▶ [Try it]: Copy out, exactly and with nothing else, the stretch of lines that starts at the line containing "Kris Meeke con" and finishes at the end of the data.

▶ [The input]:
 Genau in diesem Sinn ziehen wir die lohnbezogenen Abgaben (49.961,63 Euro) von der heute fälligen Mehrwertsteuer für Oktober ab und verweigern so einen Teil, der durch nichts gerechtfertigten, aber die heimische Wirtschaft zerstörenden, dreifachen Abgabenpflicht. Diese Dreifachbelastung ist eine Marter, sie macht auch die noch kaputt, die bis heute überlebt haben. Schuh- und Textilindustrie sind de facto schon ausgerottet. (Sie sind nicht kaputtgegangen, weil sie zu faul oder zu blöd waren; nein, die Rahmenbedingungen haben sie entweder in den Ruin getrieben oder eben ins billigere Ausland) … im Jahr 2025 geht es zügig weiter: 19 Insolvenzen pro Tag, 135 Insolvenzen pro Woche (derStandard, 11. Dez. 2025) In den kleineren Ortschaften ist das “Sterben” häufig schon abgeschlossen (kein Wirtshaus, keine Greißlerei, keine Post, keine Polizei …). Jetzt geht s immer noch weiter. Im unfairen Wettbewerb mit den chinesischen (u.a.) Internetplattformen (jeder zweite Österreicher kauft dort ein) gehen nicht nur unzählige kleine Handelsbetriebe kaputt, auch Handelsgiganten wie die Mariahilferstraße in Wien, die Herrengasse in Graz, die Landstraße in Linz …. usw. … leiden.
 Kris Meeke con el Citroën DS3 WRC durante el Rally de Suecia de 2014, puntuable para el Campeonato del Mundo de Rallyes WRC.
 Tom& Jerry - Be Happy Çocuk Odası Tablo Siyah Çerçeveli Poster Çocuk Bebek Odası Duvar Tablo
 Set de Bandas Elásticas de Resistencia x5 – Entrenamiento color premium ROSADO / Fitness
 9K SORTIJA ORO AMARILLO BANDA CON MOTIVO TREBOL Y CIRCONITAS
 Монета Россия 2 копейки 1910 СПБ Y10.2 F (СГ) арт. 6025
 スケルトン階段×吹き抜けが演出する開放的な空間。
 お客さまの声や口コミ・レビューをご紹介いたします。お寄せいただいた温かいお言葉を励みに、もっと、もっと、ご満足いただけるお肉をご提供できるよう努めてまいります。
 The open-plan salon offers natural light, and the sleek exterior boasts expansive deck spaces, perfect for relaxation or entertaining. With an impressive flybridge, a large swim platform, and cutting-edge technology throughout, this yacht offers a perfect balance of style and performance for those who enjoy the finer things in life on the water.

▶ [Answer area]:
 Kris Meeke con el Citroën DS3 WRC durante el Rally de Suecia de 2014, puntuable para el Campeonato del Mundo de Rallyes WRC.
 Tom& Jerry - Be Happy Çocuk Odası Tablo Siyah Çerçeveli Poster Çocuk Bebek Odası Duvar Tablo
 Set de Bandas Elásticas de Resistencia x5 – Entrenamiento color premium ROSADO / Fitness
 9K SORTIJA ORO AMARILLO BANDA CON MOTIVO TREBOL Y CIRCONITAS
 Монета Россия 2 копейки 1910 СПБ Y10.2 F (СГ) арт. 6025
 スケルトン階段×吹き抜けが演出する開放的な空間。
 お客さまの声や口コミ・レビューをご紹介いたします。お寄せいただいた温かいお言葉を励みに、もっと、もっと、ご満足いただけるお肉をご提供できるよう努めてまいります。
 The open-plan salon offers natural light, and the sleek exterior boasts expansive deck spaces, perfect for relaxation or entertaining. With an impressive flybridge, a large swim platform, and cutting-edge technology throughout, this yacht offers a perfect balance of style and performance for those who enjoy the finer things in life on the water.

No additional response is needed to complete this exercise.